Из сюжетных функций персонажа была важна только одна — спаивание Карандышева. Сцена, в которой Робинзон оповещает незадачливого жениха об орлянке, была сделана Островским сугубо в традиции театральной драматургии, и это естественно. Мне казалось, в кинематографическом варианте получится более сильно и впечатляюще, если Карандышев сам, а не с чужих слов сможет убедиться в аморальном поведении Кнурова и Вожеватова. Ведь вскоре за этим раздастся его выстрел. Так вот и получилось, что роль Робинзона, несмотря на то, что я пригласил чудесного Георгия Буркова, свелась к маленькому эпизоду.
Я понимаю, что изменением пропорций ролей я нарушил архитектонику пьесы, как бы откорректировал замысел Островского.
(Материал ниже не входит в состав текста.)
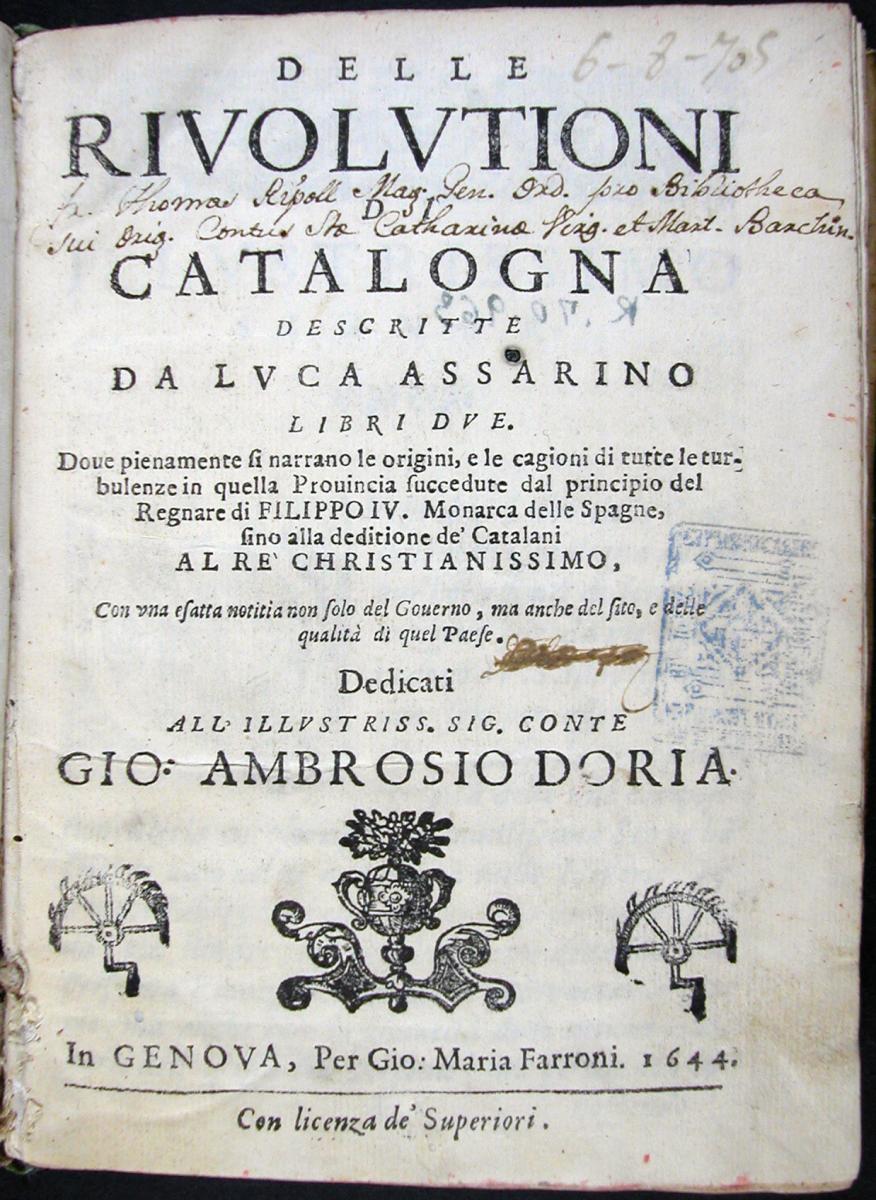 Assarino, Luca. Delle rivolutioni di Catalogna. Gènova: Maria Farroni, 1644.

Но это было естественно при переводе с театрального языка на кинематографический, при переложении манеры изложения, свойственной прошлому столетию, на современный стиль рассказа...
Хотелось показать жизнь большого волжского города конца прошлого века, развернуть перед зрителем широкую панораму мест действия. Кроме того, конкретизируя персонажей, надо было уточнить, а кое-кому и придумать род занятий. Так, Карандышев, о котором из авторской ремарки было известно, что он «небогатый чиновник», стал у нас почтовым служащим. Это дало нам дополнительные сценарные возможности. Вожеватов, «один из представителей богатой торговой фирмы», все время хочет откупить у Паратова «Ласточку». Значит, он, скорей всего, как и Паратов, судохозяин. Таким образом, часть действия можно было перенести на дебаркадеры, в банк, на вокзал железной дороги, на пароход, на улицы Бряхимова, в порт. А если учесть, что у Островского заданы были и дом Огудаловых, и кафе, и набережная, и квартира Карандышева, то в результате в сценарии появился довольно богатый «ассортимент» мест, где разворачивались события. В результате драматургическую конструкцию сценария можно (конечно, условно!) изобразить так: вначале шли широкие спирали сюжета, потом они сужались, как бы убыстряясь, создавая душное предощущение несчастья, а потом, еще более ускоряясь, переходили в тугой эмоциональный штопор и заканчивались катастрофической точкой.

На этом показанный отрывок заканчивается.